LE LION ET LE VENT (The Wind and the Lion) réalisé par John Milius, disponible en Édition Mediabook Collector Blu-ray + DVD le 21 octobre 2020 chez Rimini Editions.

Acteurs : Sean Connery, Candice Bergen, Brian Keith, John Huston, Geoffrey Lewis, Steve Kanaly, Vladek Sheybal, Nadim Sawalha, Roy Jenson, Deborah Baxter…

Scénario : John Milius

Photographie : Billy Williams

Musique : Jerry Goldsmith

Durée : 1h55

Date de sortie initiale : 1975

LE FILM

Maroc, 1904. Le chef berbère El-Raisuli enlève Eden Perdicaris, une citoyenne américaine, et ses deux enfants. Par cet enlèvement, il veut provoquer un incident diplomatique et s’opposer au sultan Abdelaziz, qu’il juge corrompu.

Né en 1944, John Milius, militariste (et anarchiste zen) qui n’a pas pu s’engager dans l’armée dans les années 1960 pour des problèmes de santé, se tourne finalement vers le cinéma et devient très vite scénariste. Son style virulent tape dans l’oeil de certains réalisateurs et son nom apparaît au générique (ou pas) de chefs-d’oeuvre comme L’Inspecteur Harry, Jeremiah Johnson, Magnum Force, Apocalypse Now. Passé à la mise en scène en 1973 avec Dillinger avec le grand Warren Oates dans le rôle-titre, John Milius offre à Arnold Schwarzenegger son premier rôle mythique dans Conan le Barbare en 1982. Mais avant cela, son second long-métrage, Le Lion et le VentThe Wind and the Lion, rend compte de sa cinéphilie et de son amour pour le cinéma classique.

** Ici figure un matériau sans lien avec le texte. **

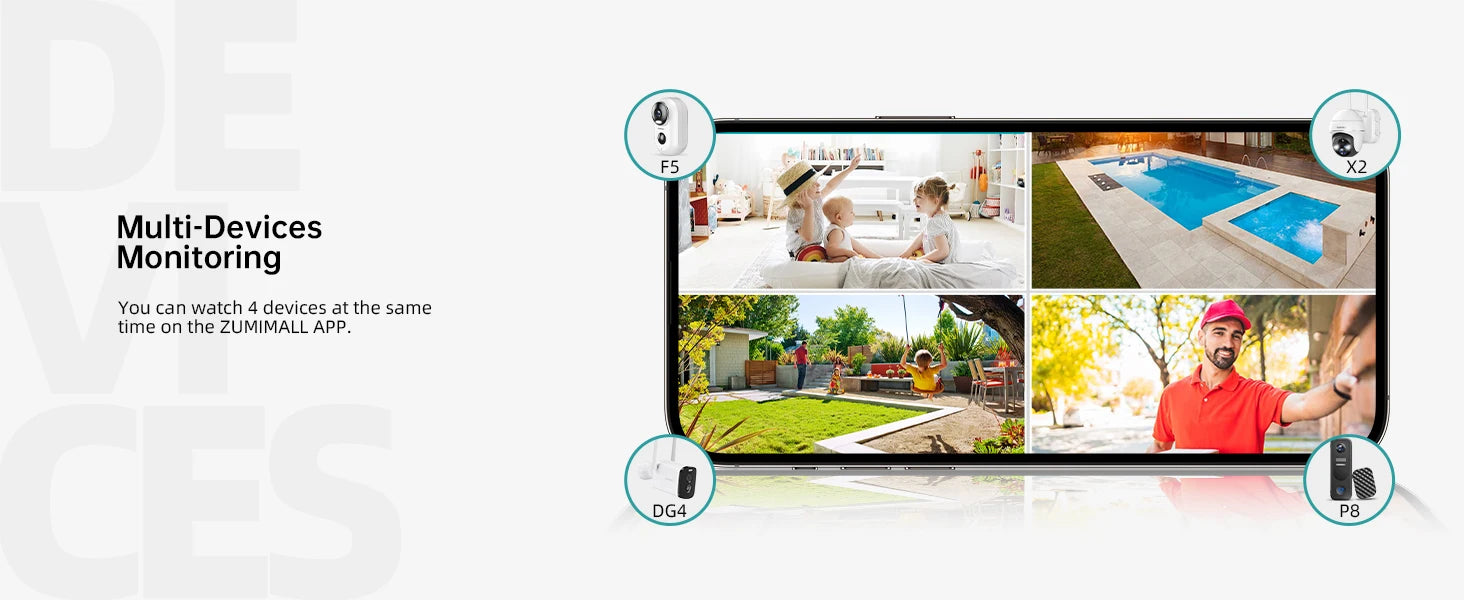 You can watch 4 devices at the sametime on the ZUMIMALL APP
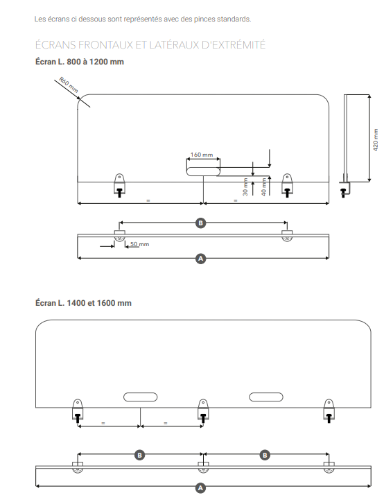 Ecran de séparation acoustique individuel L 120 cm H 42 cm, avec système de fixation par pince standard. Très facile a utiliser
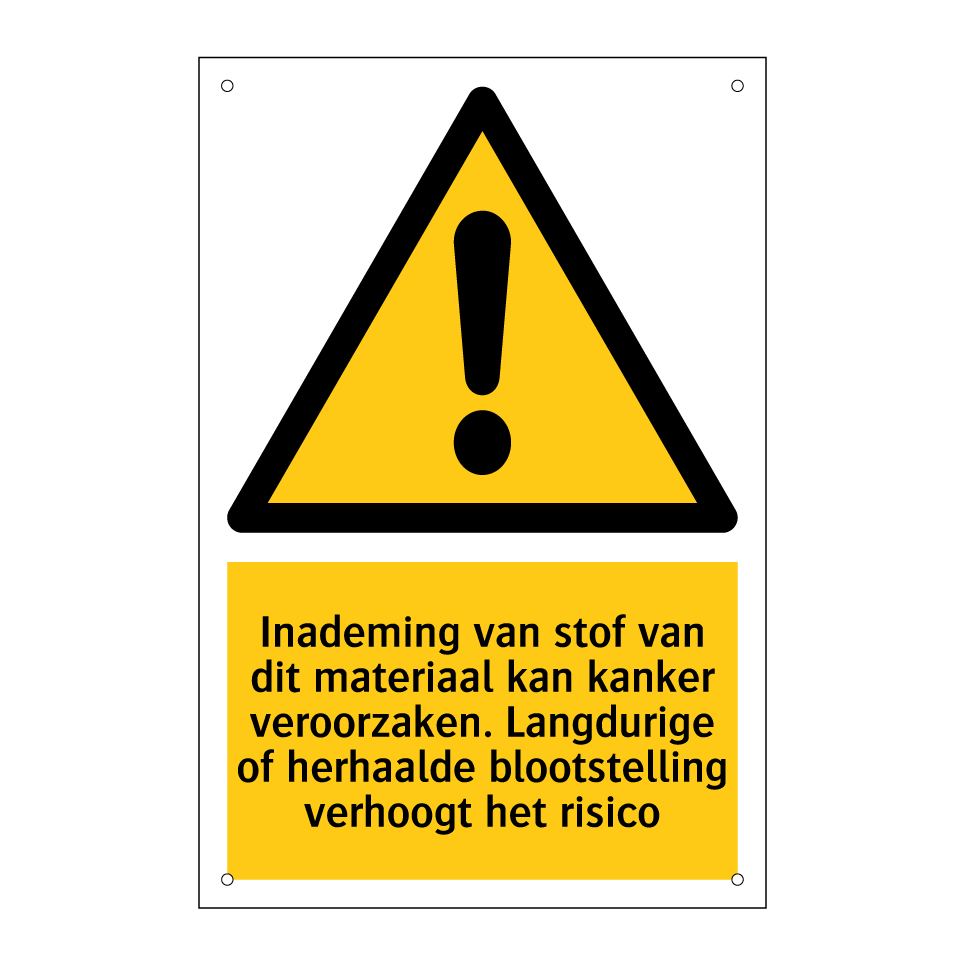 Waarschuwingsbord met de tekst Inademing van stof van dit materiaal kan kanker veroorzaken. Langdurige of herhaalde blootstelling verhoogt het risico
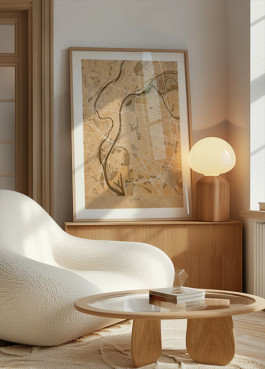Mapa vintage sépia de Lyon França por Rosana Laiz Blursbyai - Papel de qualidade premium com superfície lisa fosca e toque elegante. O acabamento fosco reduz o brilho e proporciona uma aparência refinada e atemporal. Forte e durável para uso duradouro, ideal tanto para ambientes profissionais quanto para displays decorativos.

Le cinéaste émerveillé par les armes à feu et l’autodéfense souhaite avec ce film laisser libre cours à ses fantasmes armés jusqu’aux dents (ou à l’arme blanche), comme il le fera plus tard avec L’Aube rouge, dans lequel les Etats-Unis se trouvent un beau matin pris d’assaut par des soldats Soviétiques alliés aux Cubains et où des jeunes adolescents américains n’hésitent pas à prendre les armes pour en faire voir des vertes et des pas mûres à ces buveurs de vodka ! Dans Le Lion et le Vent, inspiré par un fait divers authentique, mais remanié à la sauce Milius, des puissances s’affrontent, le Maroc contre le pays de l’Oncle Sam. Comme bon nombre des films auxquels John Milius a apporté sa plume, il est souvent nécessaire de laisser le côté politique (souvent ambivalent il faut bien le dire) au risque de ne pas apprécier ses films, qui sont avant tout des divertissements rudement bien emballés, comme c’est le cas de ce Lion et le Vent, porté par un souffle romanesque indéniable, la composition enivrante du maestro Jerry Goldsmith et le charisme hors du commun de Sean Connery. John Milius dispose d’un budget conséquent et les scènes d’action restent marquées par quelques éclats de violence brute.